= Joint Approximation Diagonalization of Eigen-matrices =

Independent component analysis algorithm

Joint Approximation Diagonalization of Eigen-matrices (JADE) is an algorithm for independent component analysis that separates observed mixed signals into latent source signals by exploiting fourth order moments. The fourth order moments are a measure of non-Gaussianity, which is used as a proxy for defining independence between the source signals. The motivation for this measure is that Gaussian distributions possess zero excess kurtosis, and with non-Gaussianity being a canonical assumption of ICA, JADE seeks an orthogonal rotation of the observed mixed vectors to estimate source vectors which possess high values of excess kurtosis.

== Algorithm ==
Let $\mathbf{X} = (x_{ij}) \in \mathbb{R}^{m \times n}$ denote an observed data matrix whose $n$ columns correspond to observations of $m$-variate mixed vectors.
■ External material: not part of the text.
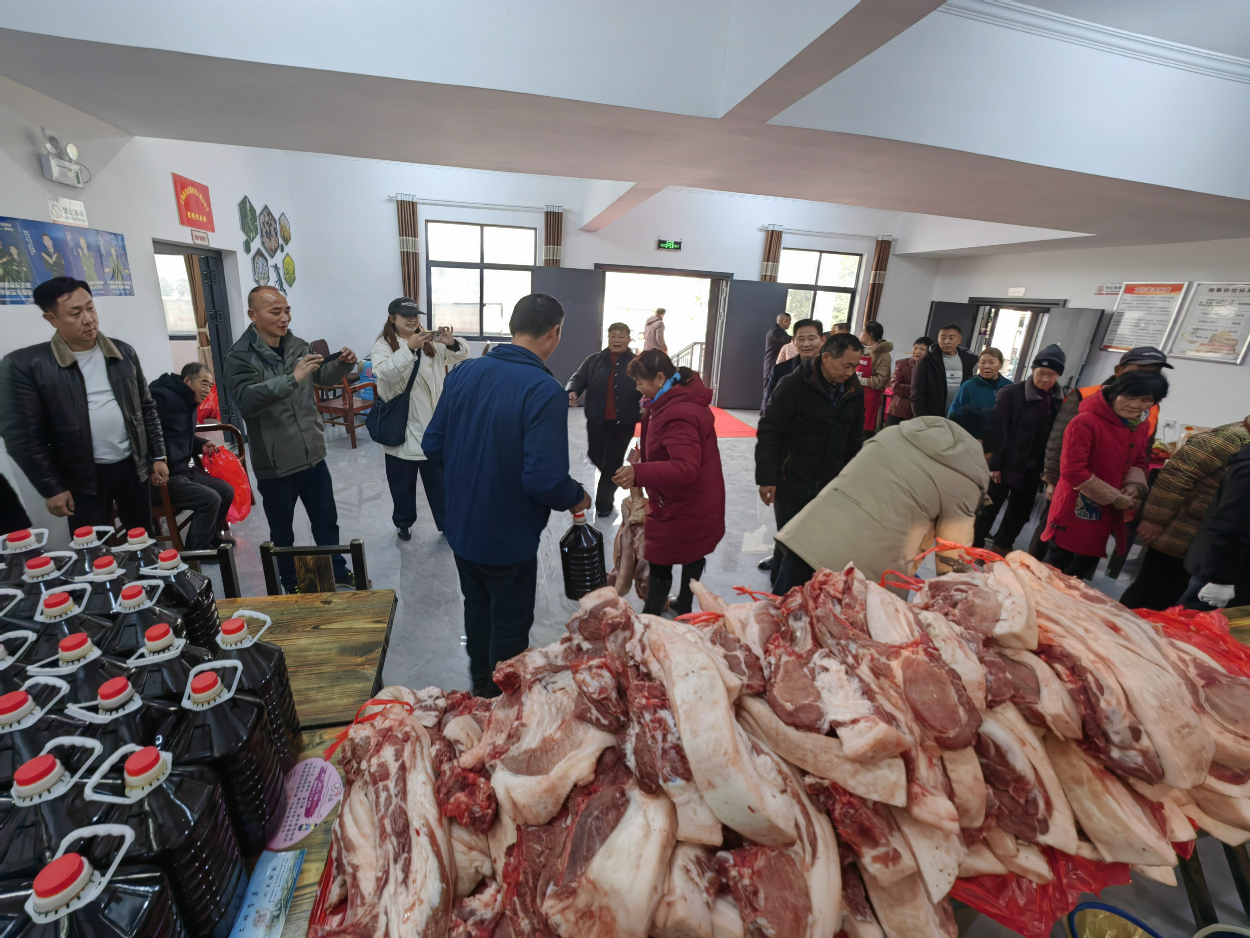 大廳里的長條桌上,一刀刀剁好的新鮮豬肉堆成小山,一袋袋自己種的生態(tài)米裝成包,一提提噴香的菜籽油擺放整齊,村民們早早排成長隊,開心地簽字領(lǐng)錢領(lǐng)米領(lǐng)肉?!罢媸菦]想到我能分到這么多紅利,我每周開車回來打掃衛(wèi)生,順便將社區(qū)朋友們訂的土雞和雞蛋帶回溫泉城區(qū)。”村民涂冬仁說。

It is assumed that $\mathbf{X}$ is prewhitened, that is, its rows have a sample mean equaling zero and a sample covariance is the $m \times m$ dimensional identity matrix, that is,
$\frac{1}{n}\sum_{j=1}^n x_{ij} = 0 \quad \text{and} \quad \frac{1}{n}\mathbf{X}{\mathbf X}^{\prime} = \mathbf{I}_m$.
Applying JADE to $\mathbf{X}$ entails
1. computing fourth-order cumulants of $\mathbf{X}$ and then
2. optimizing a contrast function to obtain a $m \times m$ rotation matrix $O$
to estimate the source components given by the rows of the $m \times n$ dimensional matrix $\mathbf{Z} := \mathbf{O}^{-1} \mathbf{X}$.